Chargé de cours Dr Guillaume KOUASSI, Enseignant-chercheur, kouassiguillaume96@gmail.com

Introduction générale
Le travail est un effort individuel ou collectif, physique ou intellectuel, conscient, délibéré,
créatif, professionnel ou non, dont le but tend à la concrétisation d’un projet, d’une idée - ou
d’un ensemble de projets et d’idées -ne donnant pas nécessairement lieu à un résultat abouti,
mais ayant leur finalité, et dont la rétribution, s’il en est une, peut être morale ou matérielle.

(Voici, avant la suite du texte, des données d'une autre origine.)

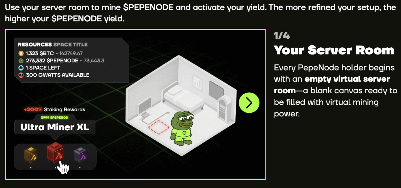 Players start with a virtual server room, where they can spend PEPENODE tokens to purchase “Meme Nodes” and begin earning mining power. 70% of PEPENODE tokens spent in the store will be burned, creating deflationary pressure that could support long-term price growth.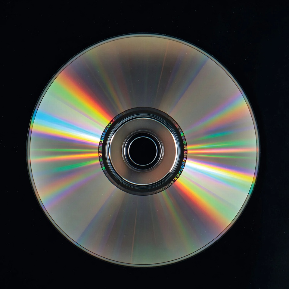 DVD-like, black background, close-up, compact disc, data disc, digital media, disc, holographic, iridescent, isolated, music CD, optical disc, rainbow colors, reflective CD, round disc, shiny disc, silver disc, storage media, CD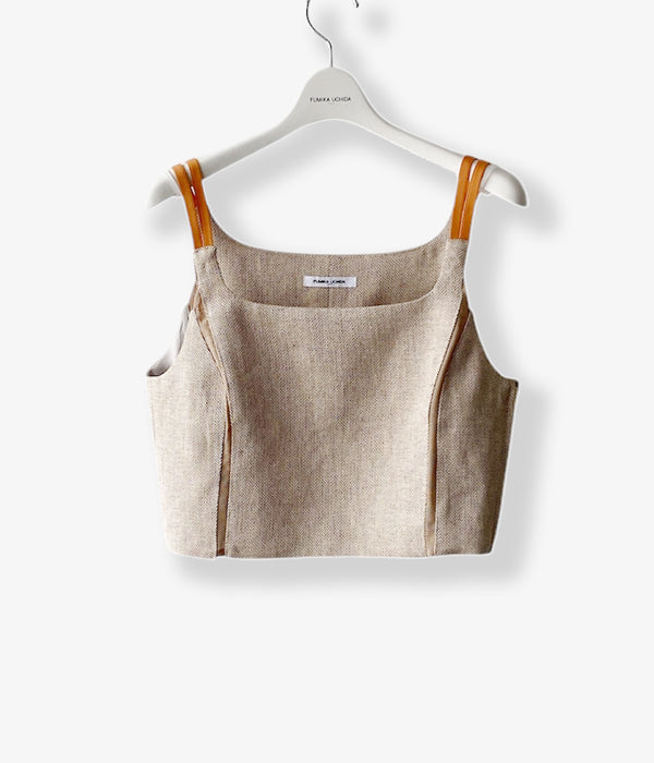 FUMIKA_UCHIDA/HEMP SUITING BUSTIER TOP(BEIGE HERRINNGBONE)

L’économie du travail étudie l’ensemble des comportements et des transactions associées à une
activité professionnelle. Elle accorde une chance particulière à l’échange de services du travail
contre un salaire. La relation salariale qui s’établit est une relation marchande qui traduit
l’échange d’un service du travail contre le paiement d’un salaire. Elle peut être analysée grâce
aux outils de la science économique à partir de deux postulats: la rareté des ressources et la
rationalité des agents.
Cette branche de la science économique s’intéresse en amont de cet échange, aux
comportements d’offre et de travail émanant de la population et ceux de la demande de travail
émanant des entreprises. Parmi les comportements relatifs à l’offre de travail, l’économie du
travail s’intéresse notamment à la question de l’éducation et de la formation continue, des
comportements de migration, mais à la démographie. En cela, le champ de l’économie du travail
recoupe ceux de l’économie de l’éducation, de la démographie et des sciences de population et
de la famille. Les principaux acteurs en économie du travail sont les individus et les ménages
d’une part et les entreprises d’autre part. D’autres acteurs jouent cependant un rôle essentiel. Il
s’agit des partenaires sociaux (les représentants des travailleurs et du patronat) et l’Etat en tant
en tant que régulateur des échanges (par la législation du travail) et responsable de nombreux
mécanisme (enseignement obligatoire, système d’assurance, etc.).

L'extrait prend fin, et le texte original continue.